WORK INSTRUCTION – Print each line below verbatim, skipping every picture.

INFORMATION SUPPLIED –
»»

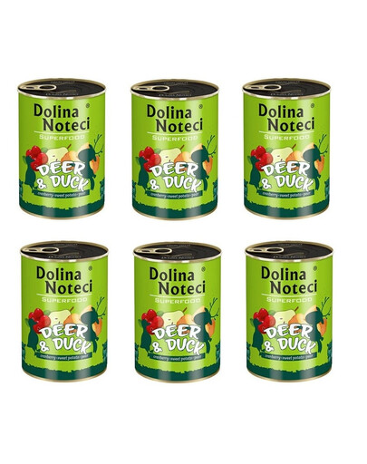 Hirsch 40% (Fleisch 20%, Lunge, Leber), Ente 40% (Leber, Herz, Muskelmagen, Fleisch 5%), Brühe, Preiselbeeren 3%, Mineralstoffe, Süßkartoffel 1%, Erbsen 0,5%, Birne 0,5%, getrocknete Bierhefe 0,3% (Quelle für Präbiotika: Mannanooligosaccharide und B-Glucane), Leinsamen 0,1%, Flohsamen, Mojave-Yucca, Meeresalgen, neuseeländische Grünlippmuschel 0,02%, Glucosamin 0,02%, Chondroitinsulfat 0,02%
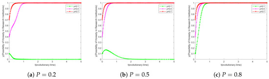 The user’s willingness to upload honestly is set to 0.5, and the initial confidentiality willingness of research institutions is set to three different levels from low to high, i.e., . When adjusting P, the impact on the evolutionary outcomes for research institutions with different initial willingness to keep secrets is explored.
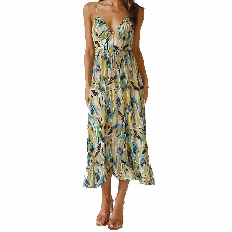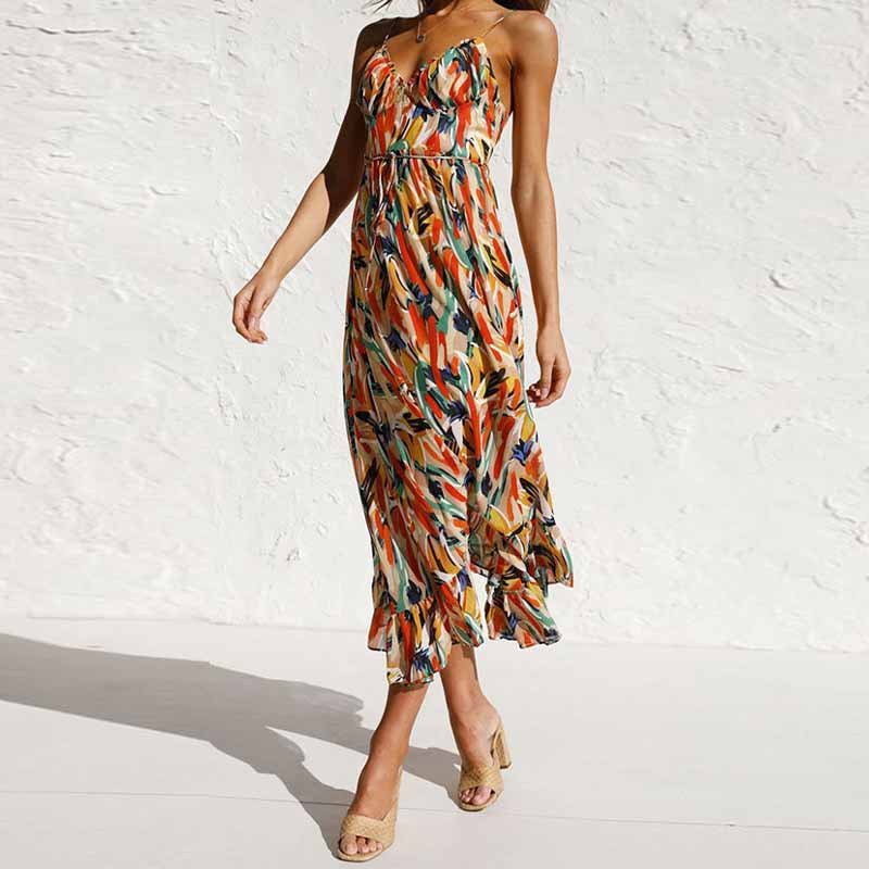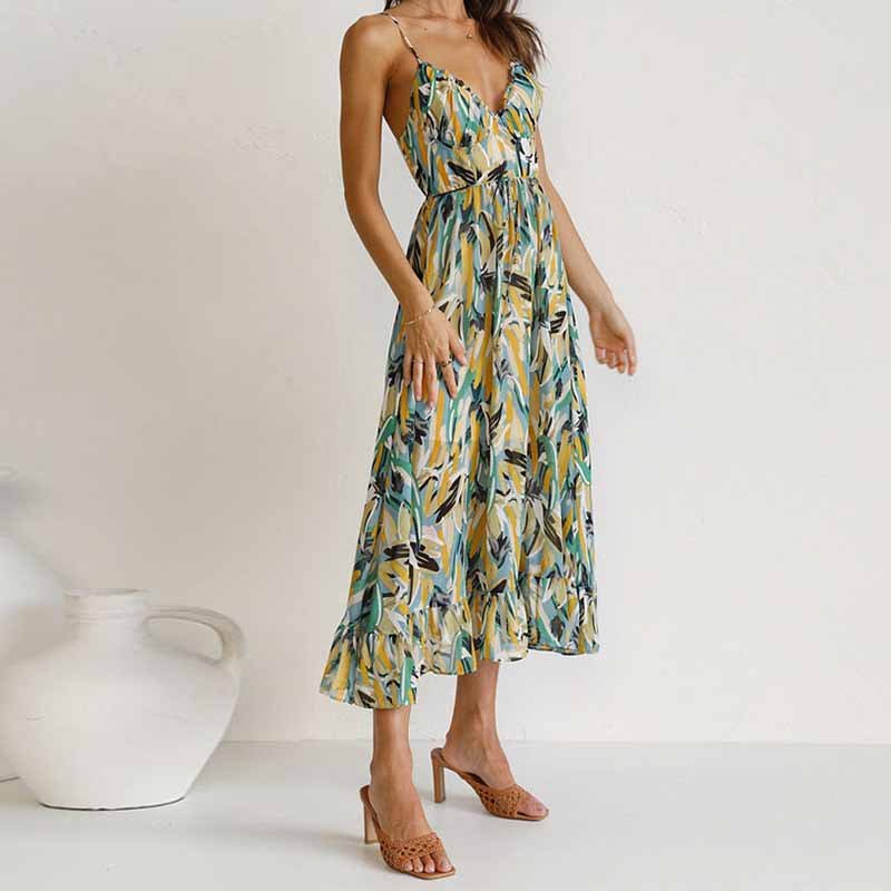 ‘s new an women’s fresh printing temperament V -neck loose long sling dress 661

««

ANSWER TO THIS TASK –
 Hirsch 40% (Fleisch 20%, Lunge, Leber), Ente 40% (Leber, Herz, Muskelmagen, Fleisch 5%), Brühe, Preiselbeeren 3%, Mineralstoffe, Süßkartoffel 1%, Erbsen 0,5%, Birne 0,5%, getrocknete Bierhefe 0,3% (Quelle für Präbiotika: Mannanooligosaccharide und B-Glucane), Leinsamen 0,1%, Flohsamen, Mojave-Yucca, Meeresalgen, neuseeländische Grünlippmuschel 0,02%, Glucosamin 0,02%, Chondroitinsulfat 0,02%
 The user’s willingness to upload honestly is set to 0.5, and the initial confidentiality willingness of research institutions is set to three different levels from low to high, i.e., . When adjusting P, the impact on the evolutionary outcomes for research institutions with different initial willingness to keep secrets is explored.
 ‘s new an women’s fresh printing temperament V -neck loose long sling dress 661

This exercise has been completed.